И Санта тоже не хочет…
– Я вам не вру…
Говорит, смотря прямо. И правду. Не знает, чего ждет, но Данила не отвечает.
Опускает руку, вроде как отпускает…
Санта успевает обойти мужчину, сделать шаг в сторону двери, когда Чернов ловит её уже за кисть, придерживает, но не сжимает. Его мобильный продолжает вибрировать.
Санта оборачивается…
– Давно – это сколько? – мужчина задает вопрос, Санта чувствует, что сердце снова бьется быстрей. Она не готова к экзамену на искренность вот так сразу. А он ждет. Смотрит пристально, немного с прищуром. Гладит кожу, под которой – сеточка вен…
– Берите пока, мне надо посчитать. Это долго. Я – гуманитарий.
Санта вроде как к шутке сводит, но знает: если он захочет – может настоять. Но нет. Хмыкает.
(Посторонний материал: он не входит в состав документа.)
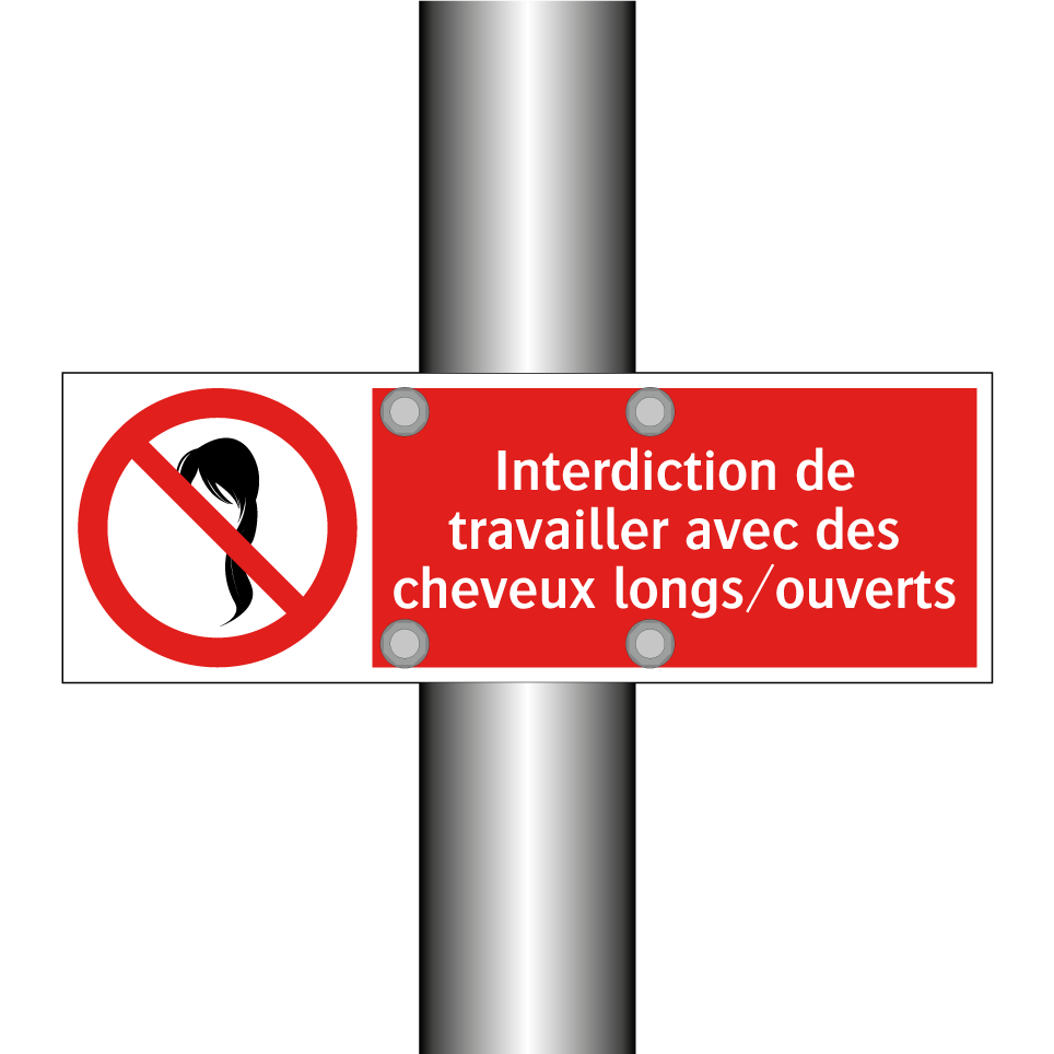 Panneau d'interdiction avec le texte : "Interdiction de travailler avec des cheveux longs/ouverts" et une symbolique claire.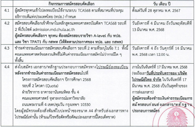 TCAS68 รอบ 2 : โควตาคณะแพทยศาสตร์ จุฬาฯ 3 โครงการ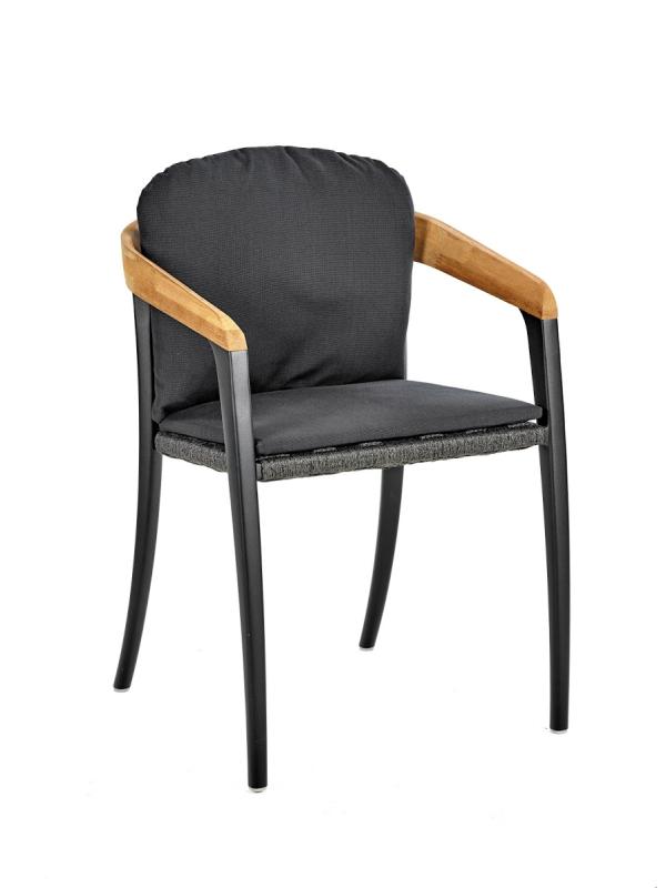This garden chair combines in a very harmonious way teak with tapered aluminum profiles and olefin fiber into an inviting, very decorative and refreshing chair. Due to the marriage of these materials, the chair is a chameleon and will fit both with a contemporary looking table as well with a warm teakwooden table! Be seated and overwhelmed…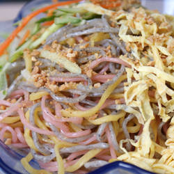 老闆娘說:「在氣溫屢屢飆高的季節,吃冰涼的涼麵的確實很清爽,即使食欲不振,也能輕易入口。」來到這裡,除了能夠品嚐美味的涼麵外,涼麵的麵條講求的就是要有QQ嫩嫩的口感, 老闆娘說:我們不會直接採用一般的油麵, 而是製作專門手工現桿的涼麵,因此店家特別選用由中高筋麵粉製成的生麵, 口感紮實又順口。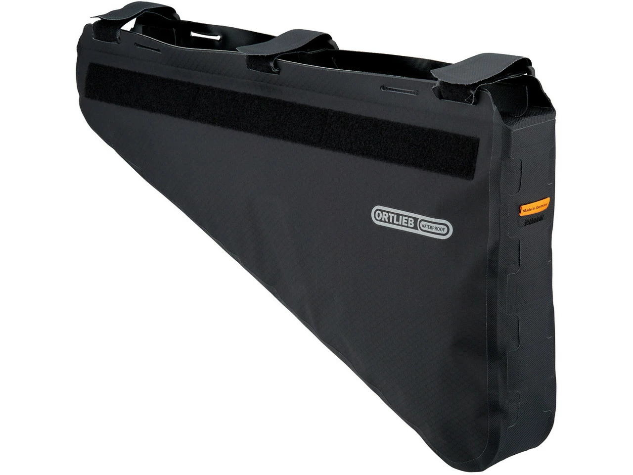 Die ORTLIEB Frame-Pack Rahmentasche ist mit einem Reißverschluss ausgestattet und bietet Stauraum im Rahmendreieck beim Bikepacking. Aufgrund des tiefen Schwerpunktes ist der Platz ideal für Proviant oder schwerere Ausrüstung wie Werkzeug oder Campingkocher. Das leichte, aber robuste Nylongewebe ist wasserdicht beschichtet und stellt zusammen mit dem ebenfalls wasserdichten Reißverschluss optimalen Schutz für Deine Habseligkeiten sicher. Die Tasche sorgt für eine ausgeglichene Gewichtsverteilung und wird mit den individuell positionierbaren, starken Klettverschlüssen einfach angebracht. Dabei ist sie auch für Carbon-Rahmen geeignet.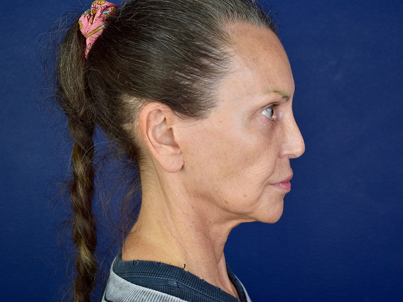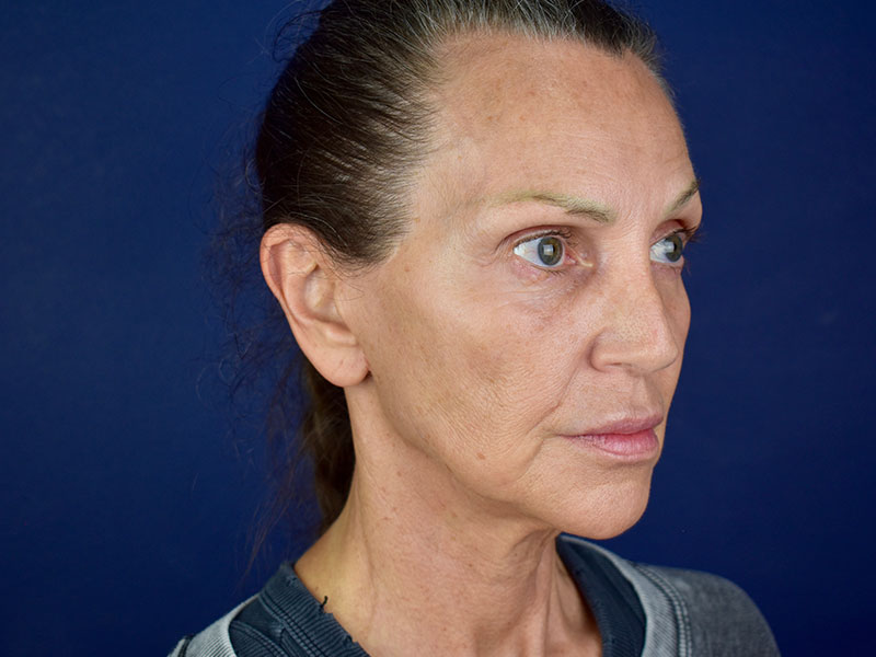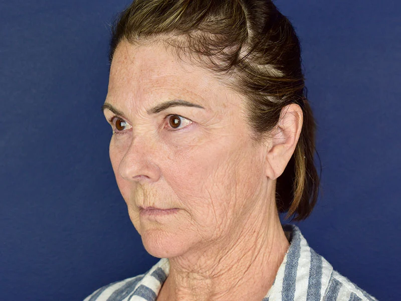 This comprehensive rejuvenation—following a prior lift performed years ago by another surgeon—was executed in two strategic stages. Stage One refined the upper face with an endoscopic forehead and browlift, transconjunctival lower eyelid refinement, and canthopexy. The full aesthetic was completed in Stage Two with an advanced Deep Plane Face and Neck Lift and facial fat grafting to restore youthful contour and volume.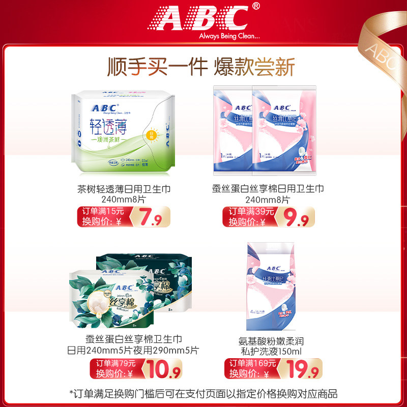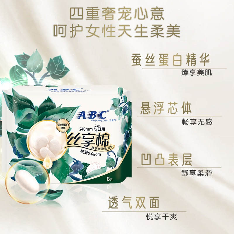 (Baibu) ABC Official Flagship Store Silk Essence Silk Cotton Day and Night Sanitary Napkins 4 Pack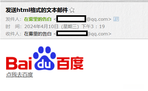与发送文本的流程、步骤均一致,构建邮件对象发生了变化
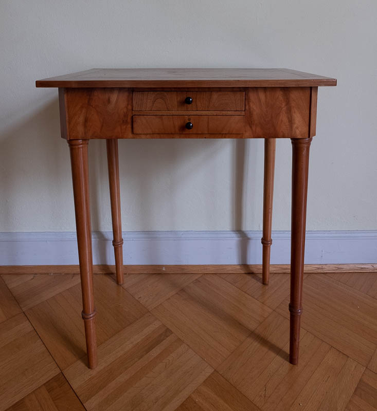 Beistelltisch (Waschtischlein) mit zwei Schüben in Kirschbaum massiv bzw. furniert auf Weichholz auf gedrechselten Beinen; deutsch.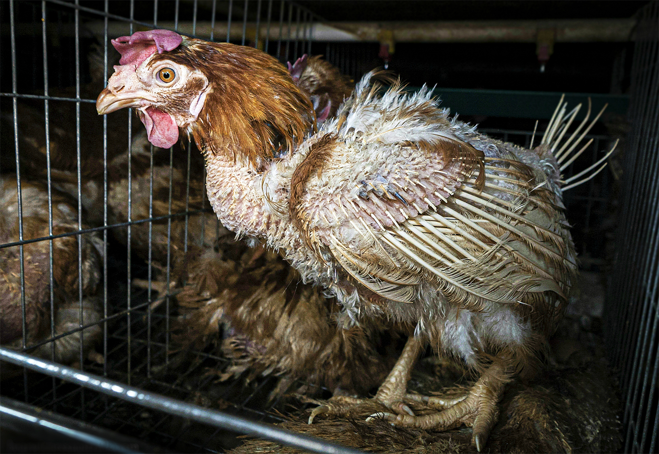 Egg-laying hens are forced to eat, sleep, defecate, and lay eggs in the same cage day after day. These facilities are so controversial that they’re banned in numerous states and dozens of countries. Even McDonald’s doesn’t use them.
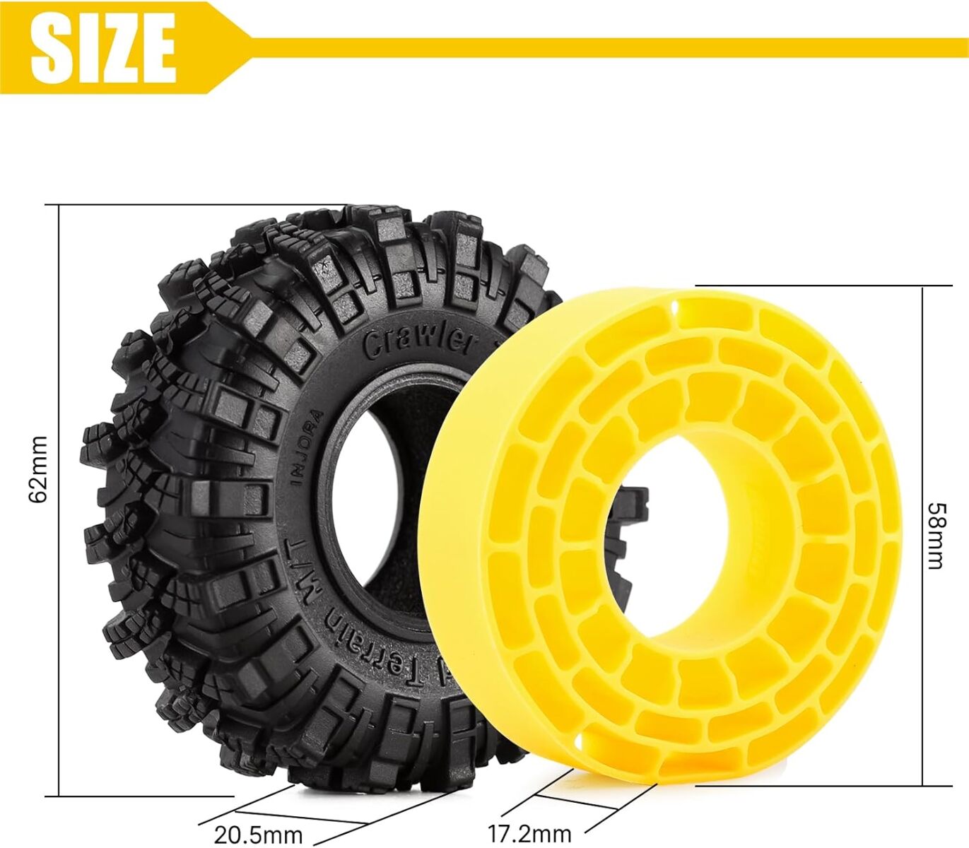 INJORA 1.0" 62*20.5mm Tires & Silicone Rubber Inserts Combo (4) (T1007)

Произносит только:
– Подумай хорошо, Санта.
После чего отпускает. И уже выходя, она слышит, что Чернов снова произносит своё обычное суховатое: «алло».
* * *
Забрать из опенспейса вещи – это меньше минуты. Но Санта завернула в уборную. Не хотела стоять над душой у Чернова, пока он снова говорит. Тем более, что может с Альбиной.
О которой она не спросила. А ведь надо было. Первым делом надо было…
Чувствуя легкую досаду, Санта толкнула дверь в общую комнату с умывальниками. Включила свет, прошла к зеркалам, провела ладонью под смесителем, активируя сенсор, вызывая поток теплой воды. Ей не надо было ни в туалет, ни усиленно мылить руки, но она делала второе, долго смотря на пену. Потом – на себя в зеркало.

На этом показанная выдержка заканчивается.